Toplumumuzun ilginç bir yönü var. Politikacılar iyi bilir. Televizyon gibi genel kitleye hitap eden meslek sahipleri de öyle.
Bazen bir konuya çok ilgi gösterir, bazen ise kendi içine döner. Gündemi bir anda değişir. Sıkılabilir. Ama sıkıldığını belli etmez.
Geçmiş zaman, Show Tv büyük maddi sıkıntı çekiyor. Patronun bankalarına el koyulmuş, büyük şirketlerinde sıkıntılar var. Yani para yok. Her şeyden tasarruf ediliyor. Doğru düzgün dizi bile çekilemiyor. Maliyeti düşük yapımlara yöneliniyor mecburen. “Ama kul sıkışmayınca Hızır yetişmezmiş” lafında olduğu gibi o zor günlerde “Kaynana Semra” diye bir fenomen çıkıyor ortalığa. İçimizden biri. Belki annemize benziyor belki teyzemize. Ama bizim gibi işte. Yabancıların “big brother” yarışmalarının bir versiyonu. Şimdiki ortalığı yıkan evlilik programlarının da atası.
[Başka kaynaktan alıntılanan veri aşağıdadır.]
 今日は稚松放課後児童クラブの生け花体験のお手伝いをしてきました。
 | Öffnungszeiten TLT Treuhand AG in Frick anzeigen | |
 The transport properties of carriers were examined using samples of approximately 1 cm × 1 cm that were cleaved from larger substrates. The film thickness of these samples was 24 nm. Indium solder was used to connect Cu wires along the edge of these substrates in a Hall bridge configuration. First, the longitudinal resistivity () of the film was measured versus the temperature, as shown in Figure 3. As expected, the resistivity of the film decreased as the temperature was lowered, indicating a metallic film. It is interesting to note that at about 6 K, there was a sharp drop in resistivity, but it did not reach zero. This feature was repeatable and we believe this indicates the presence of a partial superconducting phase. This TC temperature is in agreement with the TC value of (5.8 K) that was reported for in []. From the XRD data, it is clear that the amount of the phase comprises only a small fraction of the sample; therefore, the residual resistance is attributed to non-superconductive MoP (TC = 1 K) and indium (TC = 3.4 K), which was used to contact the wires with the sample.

Çok tutuluyor. Çünkü aşırı marazi. Kavga-gürültü, aşk-meşk ne ararsan var.
Derken seçim günü gelip çatıyor. Eh seçim yayını da yapmak lazım. Ama bütçe yok. Bu durumda “ucuz” iş yapan bir ekip ile anlaşılıyor. Dışarıdan, diğerlerinin yaptığının belkide dörtte bir parasına entegrasyonu sağlayacaklarını söylüyorlar. İnanıyoruz mecburen.
Neyse sandıklar açılıyor, oylar gelmeye başlıyor. Her kanal aşağı yukarı aynı şeyi yapıyor. O güne kadar ortalıkta seçimden başka hiç bir şey konuşulmamış.
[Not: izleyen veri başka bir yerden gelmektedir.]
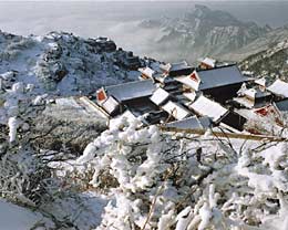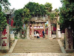 Taishan Temple at the foot of the mountain is one of several major palace architectural complexes in China. The Azure Clouds Temple near the top of the mountain is another grand building complex, a special combination of metal components, wood, and bricks and stone structures. From the Taishan Temple to the Azure Clouds Temple there are numerous stone tablets and inscriptions and ancient buildings on the way. Visitors derive much pleasure from climbing Mount Taishan. From the red gate at the foot of the mountain to the South Heaven Gate at the top are some 7,000 stone steps, which wind their way up the mountain slopes, each step offering a different view.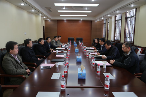 2014年12月16日,邯郸学院党委书记杨金廷带领该校党政办、科研处、太极文化学院等单位负责人来校,就科研管理和协同创新中心运行等工作进行考察交流。校党委书记关爱和、副校长张宝明及党政办、科研处、公共体育教研部相关负责人热情接待了杨金廷一行。双方在金明校区行政楼二楼会议室进行了座谈。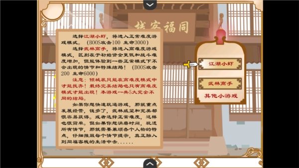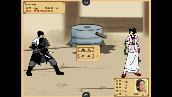 3、与敌人战斗需要选择先手或者后手攻击。一般来说后手效果卓著,但是需要消耗掌柜技能点。

Neyse, yayın başladıktan sonra bizim “ucuz” sistem su koyverdi. Gelen rakamlar bir türlü ekrana taşınamıyor. Yazılımın aklı karıştı anlayacağınız. Son darbe Kadıköy seçimlerinde partilerin isimlerinin karşısına aydıkları oy yerine dolar işareti koyulması oldu. “Yahu başka işaret mi kalmadı” diye düşünüyor insan. Ama makine bu. Yapacak bir şey yok. Bir türlü düzeltilemiyor. Sistem çöktü anlayacağınız.